Thursday November 26, 15:00, room B3.01
Ken Baker (Miami)
Rational open books, cabling, and contact structures
Abstract: The Giroux Correspondence is a one-to-one correspondence between contact structures up to isotopy and open book decompositions up to positive stabilization. An open book decomposition of a 3-manifold is a link with a fibration of its exterior such that each fiber is a Seifert surface for the link. Cabling a link component produces a new open book decomposition (with few exceptions). We will describe how the contact structure supported by an open book changes under cabling, generalizing Hedden's result for open books in S^3. We'll also define rational open books and discuss their cablings.

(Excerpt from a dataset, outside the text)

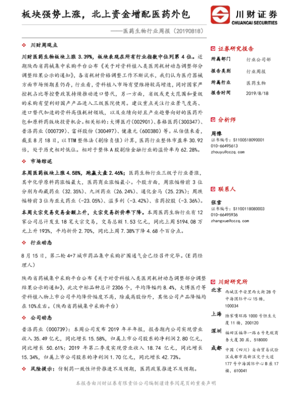 【川财证券】【20190818】医药生物行业周报:板块强势上涨,北上资金增配医药外包-12页 行业研究

This is joint work with John Etnyre and Jeremy Van Horn-Morris.
Thursday December 3, 15:00, room B3.01
Raphael Zentner (Muenster)
A vanishing result for a Casson type instanton invariant over negative definite four-manifolds
Abstract: After a historical introduction to the Casson invariant and after reviewing instanton gauge theory (Donaldson theory) we shall come to speak about Casson type invariants on 4-manifolds. In particular, we shall focus on those defined on negative definite 4-manifolds as suggested by Teleman. We shall present results on these among which a vanishing result and its possible applications.
Thursday December 10, 15:00, room B3.01
Shinpei Baba (Bonn)
Grafting operations on complex projective structures
Abstract: A (complex) projective structure is a certain geometric structure on a (closed) surface. This structure comes with a holonomy representation of the surface group into PSL(2,C), which does not need to be discrete or faithful. In addition, such a holonomy representation corresponds to infinitely many different projective structures on the surface.
(2π-)grafting is a certain surgery operation on a projective structure that produces different projective structures, preserving its holonomy representation. Gallo-Kapovich-Marden (2000) asked whether, given two projective structures with the same holonomy representation, there is a sequence of graftings and inverse-graftings that transforms one to the other.
We answer this question affirmatively for all purely loxodromic representations, which are generic in the representation variety.